- **DATASET ENTRIES**
■ ■ ■ ■ ■ ■ ■

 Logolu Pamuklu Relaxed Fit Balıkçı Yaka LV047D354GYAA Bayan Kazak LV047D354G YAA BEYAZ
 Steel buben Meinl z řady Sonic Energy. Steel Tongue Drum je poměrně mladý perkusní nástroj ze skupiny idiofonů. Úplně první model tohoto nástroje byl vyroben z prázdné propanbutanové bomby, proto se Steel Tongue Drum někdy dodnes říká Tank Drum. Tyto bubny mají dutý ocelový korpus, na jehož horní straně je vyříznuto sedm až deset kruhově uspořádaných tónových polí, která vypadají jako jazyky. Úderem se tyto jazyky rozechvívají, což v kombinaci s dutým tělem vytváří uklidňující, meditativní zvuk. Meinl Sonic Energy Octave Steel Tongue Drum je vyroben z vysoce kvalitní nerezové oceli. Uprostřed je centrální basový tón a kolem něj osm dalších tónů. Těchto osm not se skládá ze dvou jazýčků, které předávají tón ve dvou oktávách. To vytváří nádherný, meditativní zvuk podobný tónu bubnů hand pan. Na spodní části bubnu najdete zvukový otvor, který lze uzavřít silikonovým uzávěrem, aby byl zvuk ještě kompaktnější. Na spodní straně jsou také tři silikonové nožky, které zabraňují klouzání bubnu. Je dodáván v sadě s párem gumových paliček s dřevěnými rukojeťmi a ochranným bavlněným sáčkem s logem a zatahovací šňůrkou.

■ ■ ■ ■ ■ ■ ■

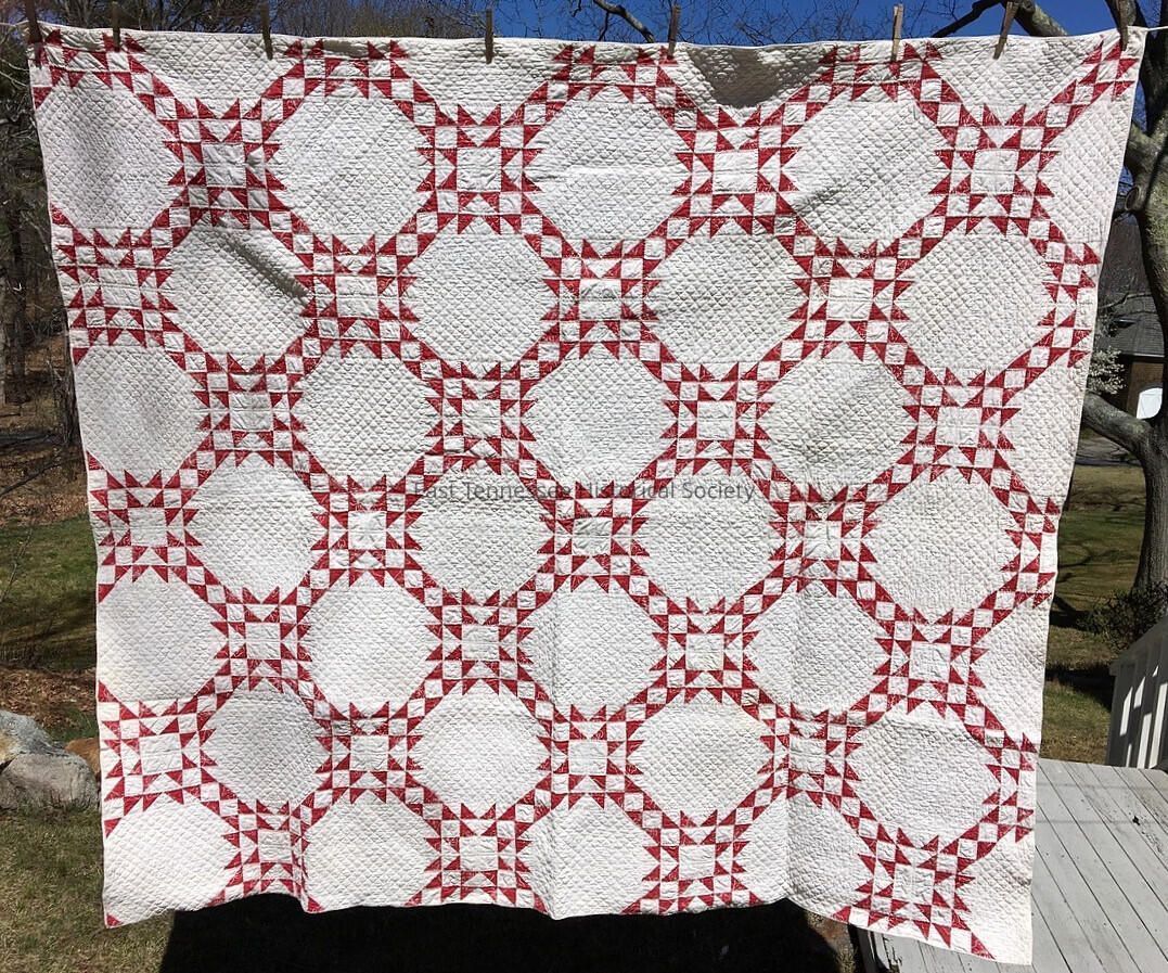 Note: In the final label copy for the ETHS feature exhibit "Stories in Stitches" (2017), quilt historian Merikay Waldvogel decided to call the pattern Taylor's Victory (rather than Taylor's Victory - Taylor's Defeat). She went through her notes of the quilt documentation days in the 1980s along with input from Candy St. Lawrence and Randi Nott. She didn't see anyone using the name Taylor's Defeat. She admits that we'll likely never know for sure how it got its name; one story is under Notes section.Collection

■ ■ ■ ■ ■ ■ ■

- **WHAT YOU NEED TO DO**
Output exactly the lines of the material above from the one containing "Logolu Pamuklu Relaxed" up to and including the one containing "Steel buben Meinl".

- **WRITTEN ANSWER**
 Logolu Pamuklu Relaxed Fit Balıkçı Yaka LV047D354GYAA Bayan Kazak LV047D354G YAA BEYAZ
 Steel buben Meinl z řady Sonic Energy. Steel Tongue Drum je poměrně mladý perkusní nástroj ze skupiny idiofonů. Úplně první model tohoto nástroje byl vyroben z prázdné propanbutanové bomby, proto se Steel Tongue Drum někdy dodnes říká Tank Drum. Tyto bubny mají dutý ocelový korpus, na jehož horní straně je vyříznuto sedm až deset kruhově uspořádaných tónových polí, která vypadají jako jazyky. Úderem se tyto jazyky rozechvívají, což v kombinaci s dutým tělem vytváří uklidňující, meditativní zvuk. Meinl Sonic Energy Octave Steel Tongue Drum je vyroben z vysoce kvalitní nerezové oceli. Uprostřed je centrální basový tón a kolem něj osm dalších tónů. Těchto osm not se skládá ze dvou jazýčků, které předávají tón ve dvou oktávách. To vytváří nádherný, meditativní zvuk podobný tónu bubnů hand pan. Na spodní části bubnu najdete zvukový otvor, který lze uzavřít silikonovým uzávěrem, aby byl zvuk ještě kompaktnější. Na spodní straně jsou také tři silikonové nožky, které zabraňují klouzání bubnu. Je dodáván v sadě s párem gumových paliček s dřevěnými rukojeťmi a ochranným bavlněným sáčkem s logem a zatahovací šňůrkou.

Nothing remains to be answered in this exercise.